**Problem statement:** For the material below, output exactly the span from the line with "本屆指導(dǎo)委員會(h" to the line with "Dive into inner", including both, and nothing besides.

**Supplied material:**
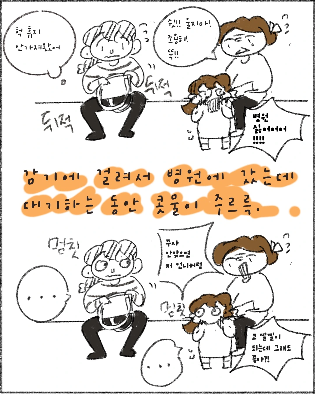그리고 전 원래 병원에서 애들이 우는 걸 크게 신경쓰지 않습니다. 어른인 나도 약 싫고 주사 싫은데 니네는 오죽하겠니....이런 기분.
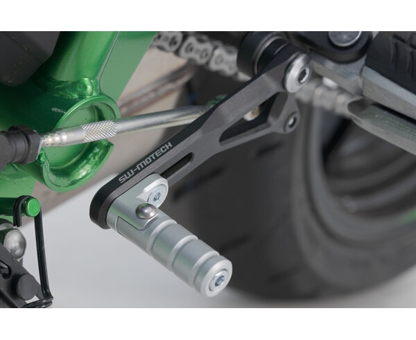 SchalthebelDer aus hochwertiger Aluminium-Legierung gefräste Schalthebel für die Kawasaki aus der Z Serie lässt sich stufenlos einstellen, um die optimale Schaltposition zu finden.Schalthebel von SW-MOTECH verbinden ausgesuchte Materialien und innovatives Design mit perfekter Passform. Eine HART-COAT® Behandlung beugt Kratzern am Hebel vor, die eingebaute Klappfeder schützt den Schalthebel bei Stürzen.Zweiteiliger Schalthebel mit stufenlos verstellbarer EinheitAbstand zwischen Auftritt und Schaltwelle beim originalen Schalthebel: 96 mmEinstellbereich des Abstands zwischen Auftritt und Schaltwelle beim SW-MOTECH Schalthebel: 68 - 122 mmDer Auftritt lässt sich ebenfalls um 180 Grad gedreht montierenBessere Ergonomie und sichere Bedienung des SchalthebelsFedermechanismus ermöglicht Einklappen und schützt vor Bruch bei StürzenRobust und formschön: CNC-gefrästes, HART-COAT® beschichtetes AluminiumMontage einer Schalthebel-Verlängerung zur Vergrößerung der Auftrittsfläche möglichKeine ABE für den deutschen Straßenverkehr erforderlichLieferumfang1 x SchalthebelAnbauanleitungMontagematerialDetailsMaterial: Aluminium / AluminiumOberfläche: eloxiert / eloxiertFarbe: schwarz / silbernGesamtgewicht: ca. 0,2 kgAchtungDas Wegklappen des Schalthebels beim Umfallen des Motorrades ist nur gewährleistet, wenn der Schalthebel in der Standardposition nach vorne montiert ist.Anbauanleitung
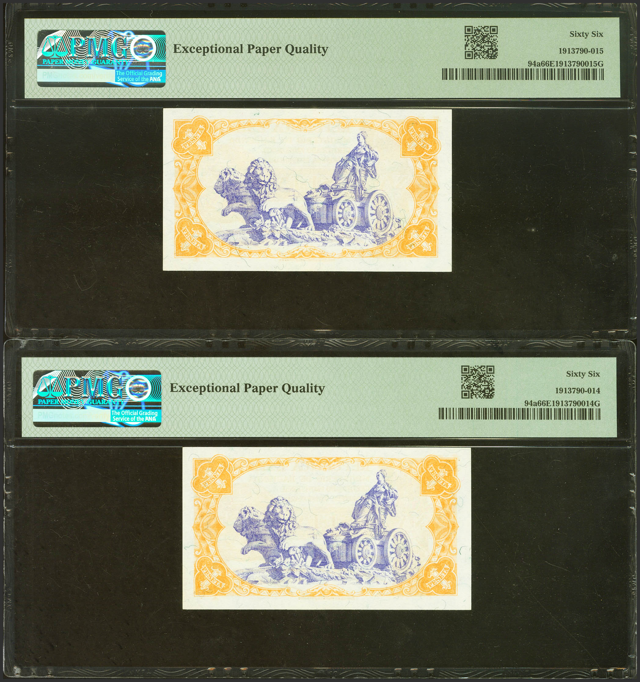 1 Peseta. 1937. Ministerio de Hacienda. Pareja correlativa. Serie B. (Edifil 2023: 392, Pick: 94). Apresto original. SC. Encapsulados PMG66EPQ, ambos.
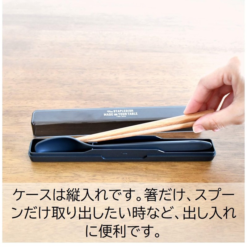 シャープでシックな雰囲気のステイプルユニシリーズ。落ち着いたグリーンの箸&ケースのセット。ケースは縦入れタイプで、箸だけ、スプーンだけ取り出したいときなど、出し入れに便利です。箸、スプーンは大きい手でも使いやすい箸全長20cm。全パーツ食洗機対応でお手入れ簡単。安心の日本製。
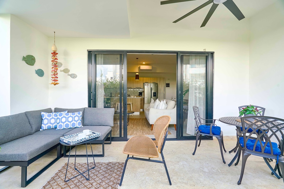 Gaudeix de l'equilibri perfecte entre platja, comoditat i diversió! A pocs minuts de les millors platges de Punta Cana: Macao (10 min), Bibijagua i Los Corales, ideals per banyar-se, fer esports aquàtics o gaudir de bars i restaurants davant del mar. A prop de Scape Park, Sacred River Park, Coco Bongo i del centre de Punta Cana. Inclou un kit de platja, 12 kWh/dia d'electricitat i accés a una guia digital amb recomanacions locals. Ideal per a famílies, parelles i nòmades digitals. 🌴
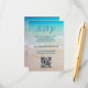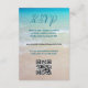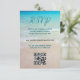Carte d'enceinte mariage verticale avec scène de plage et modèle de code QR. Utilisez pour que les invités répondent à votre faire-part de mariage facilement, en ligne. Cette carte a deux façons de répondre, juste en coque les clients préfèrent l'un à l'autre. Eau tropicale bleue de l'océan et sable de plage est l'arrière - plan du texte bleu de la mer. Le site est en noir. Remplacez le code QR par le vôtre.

...

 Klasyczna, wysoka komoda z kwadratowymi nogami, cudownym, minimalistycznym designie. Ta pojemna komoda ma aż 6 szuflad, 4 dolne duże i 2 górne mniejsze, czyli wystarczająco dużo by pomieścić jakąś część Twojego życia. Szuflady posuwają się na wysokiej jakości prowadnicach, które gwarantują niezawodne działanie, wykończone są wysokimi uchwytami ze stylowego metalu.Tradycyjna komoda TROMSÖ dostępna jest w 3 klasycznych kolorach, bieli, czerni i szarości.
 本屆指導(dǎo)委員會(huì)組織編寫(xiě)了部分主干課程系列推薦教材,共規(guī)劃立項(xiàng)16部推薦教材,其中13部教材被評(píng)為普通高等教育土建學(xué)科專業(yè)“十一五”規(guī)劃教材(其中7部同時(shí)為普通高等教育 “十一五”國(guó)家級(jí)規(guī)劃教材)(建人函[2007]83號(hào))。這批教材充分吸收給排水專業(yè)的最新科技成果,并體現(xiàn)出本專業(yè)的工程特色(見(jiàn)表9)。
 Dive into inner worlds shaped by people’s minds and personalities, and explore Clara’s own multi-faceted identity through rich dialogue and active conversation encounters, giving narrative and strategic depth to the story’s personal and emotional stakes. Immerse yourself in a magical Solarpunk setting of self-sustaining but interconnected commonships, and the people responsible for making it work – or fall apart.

**Written solution:**
 本屆指導(dǎo)委員會(huì)組織編寫(xiě)了部分主干課程系列推薦教材,共規(guī)劃立項(xiàng)16部推薦教材,其中13部教材被評(píng)為普通高等教育土建學(xué)科專業(yè)“十一五”規(guī)劃教材(其中7部同時(shí)為普通高等教育 “十一五”國(guó)家級(jí)規(guī)劃教材)(建人函[2007]83號(hào))。這批教材充分吸收給排水專業(yè)的最新科技成果,并體現(xiàn)出本專業(yè)的工程特色(見(jiàn)表9)。
 Dive into inner worlds shaped by people’s minds and personalities, and explore Clara’s own multi-faceted identity through rich dialogue and active conversation encounters, giving narrative and strategic depth to the story’s personal and emotional stakes. Immerse yourself in a magical Solarpunk setting of self-sustaining but interconnected commonships, and the people responsible for making it work – or fall apart.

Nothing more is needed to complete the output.